The Blackdark recommendation: try the free version with your real material —not a toy example— before dropping a euro. If after two or three mock tests you feel it matches your syllabus, pay. If the questions feel generic or repeated, skip it.
Alternatives Worth Considering
Before subscribing, look at the rest of the board:
- ChatGPT or Claude — more powerful and flexible, free in their base version. You build the method, but there's no app that adapts better to any subject or level. If the latter interests you, we have a guide to getting started with Claude.
- Anki — the king of flashcards with spaced repetition. Free (except on iOS), steeper learning curve, but unbeatable for long-term memorization.
- Quizlet / Notion AI — halfway there: cards and quizzes with some AI, decent free plans.

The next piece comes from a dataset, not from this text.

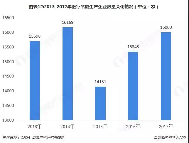 2017年,在我國1.6萬家器械生產企業里面,大部分都規模較?。耗壳皣鴥柔t療器械生產廠家超過萬家,其中90%以上為中小型企業,行業平均收入規模在2300萬元,而國內藥品生產企業的平均營業收入規模在3.4億。此外,由于行業發展時間較晚,存在大量個體戶,進一步導致行業的集中度的分散。

- Free training — if your thing is learning the topic from scratch rather than memorizing it, take a look at our roundup of free AI courses.
Verdict
Astra AI does one thing well: turning your notes into a review system with mock tests, without you having to think about the method. For the high school student or exam candidate who wants a ready-made structure, it's a solid tool and worth what it asks.
But it's not magic and it doesn't replace studying. The free plan falls short on purpose, premium is expensive for a single use, and the reports of hidden limits inside premium force you to read the fine print. Try it free, measure it against your real syllabus, and only then decide whether those €24 a month save you more time than they cost. If the answer isn't a clear yes, a free general chatbot will take you just as far.